通过代理使用 urllib2 [英] Using urllib2 via proxy
问题描述
我正在尝试通过代理使用 urllib2
;但是,在尝试使用 urllib2
传递我的验证详细信息的几乎所有变体之后,我要么收到一个永远挂起且不返回任何内容的请求,要么收到 407 错误
.我可以使用我的浏览器连接到网络,该浏览器连接到 prox-pac 并相应地重定向;但是,我似乎无法通过命令行 curl
、wget
、urllib2
等执行任何操作,即使我使用prox-pac 重定向到.我尝试使用 urllib2
将我的代理设置为 pac 文件中的所有代理,但均无效.
I am trying to use urllib2
through a proxy; however, after trying just about every variation of passing my verification details using urllib2
, I either get a request that hangs forever and returns nothing or I get 407 Errors
. I can connect to the web fine using my browser which connects to a prox-pac and redirects accordingly; however, I can't seem to do anything via the command line curl
, wget
, urllib2
etc. even if I use the proxies that the prox-pac redirects to. I tried setting my proxy to all of the proxies from the pac-file using urllib2
, none of which work.
我当前的脚本如下所示:
My current script looks like this:
import urllib2 as url
proxy = url.ProxyHandler({'http': 'username:password@my.proxy:8080'})

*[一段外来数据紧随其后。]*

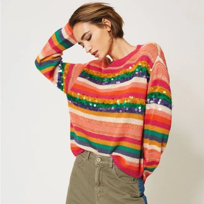 Gorgeous pre-loved My Twin by Twinset striped sequin sweater featuring bold rainbow colors, metallic... Show more

auth = url.HTTPBasicAuthHandler()
opener = url.build_opener(proxy, auth, url.HTTPHandler)
url.install_opener(opener)
url.urlopen("http://www.google.com/")
抛出 HTTP Error 407: Proxy Authentication Required
我也试过:
import urllib2 as url
handlePass = url.HTTPPasswordMgrWithDefaultRealm()
handlePass.add_password(None, "http://my.proxy:8080", "username", "password")
auth_handler = url.HTTPBasicAuthHandler(handlePass)
opener = url.build_opener(auth_handler)
url.install_opener(opener)
url.urlopen("http://www.google.com")
像 curl
或 wget
超时一样挂起.
which hangs like curl
or wget
timing out.
我需要做什么来诊断问题?我怎么可能通过我的浏览器连接而不是从同一台计算机上的命令行使用看起来相同的代理和凭据?
What do I need to do to diagnose the problem? How is it possible that I can connect via my browser but not from the command line on the same computer using what would appear to be the same proxy and credentials?
会不会跟路由器有关?如果有,如何区分浏览器HTTP
请求和命令行HTTP
请求?
Might it be something to do with the router? if so, how can it distinguish between browser HTTP
requests and command line HTTP
requests?
推荐答案
像这样的挫折促使我使用 请求.如果您正在使用 urllib2 进行大量工作,那么您真的应该检查一下.例如,要使用请求做您想做的事情,您可以这样写:
Frustrations like this are what drove me to use Requests. If you're doing significant amounts of work with urllib2, you really ought to check it out. For example, to do what you wish to do using Requests, you could write:
import requests
from requests.auth import HTTPProxyAuth
proxy = {'http': 'http://my.proxy:8080'}
auth = HTTPProxyAuth('username', 'password')
r = requests.get('http://wwww.google.com/', proxies=proxy, auth=auth)
print r.text
或者你可以将它包装在一个 Session 对象中,每个请求都会自动使用代理信息(而且它会自动存储和处理 cookie!):
Or you could wrap it in a Session object and every request will automatically use the proxy information (plus it will store & handle cookies automatically!):
s = requests.Session(proxies=proxy, auth=auth)
r = s.get('http://www.google.com/')
print r.text
这篇关于通过代理使用 urllib2的文章就介绍到这了,希望我们推荐的答案对大家有所帮助,也希望大家多多支持IT屋!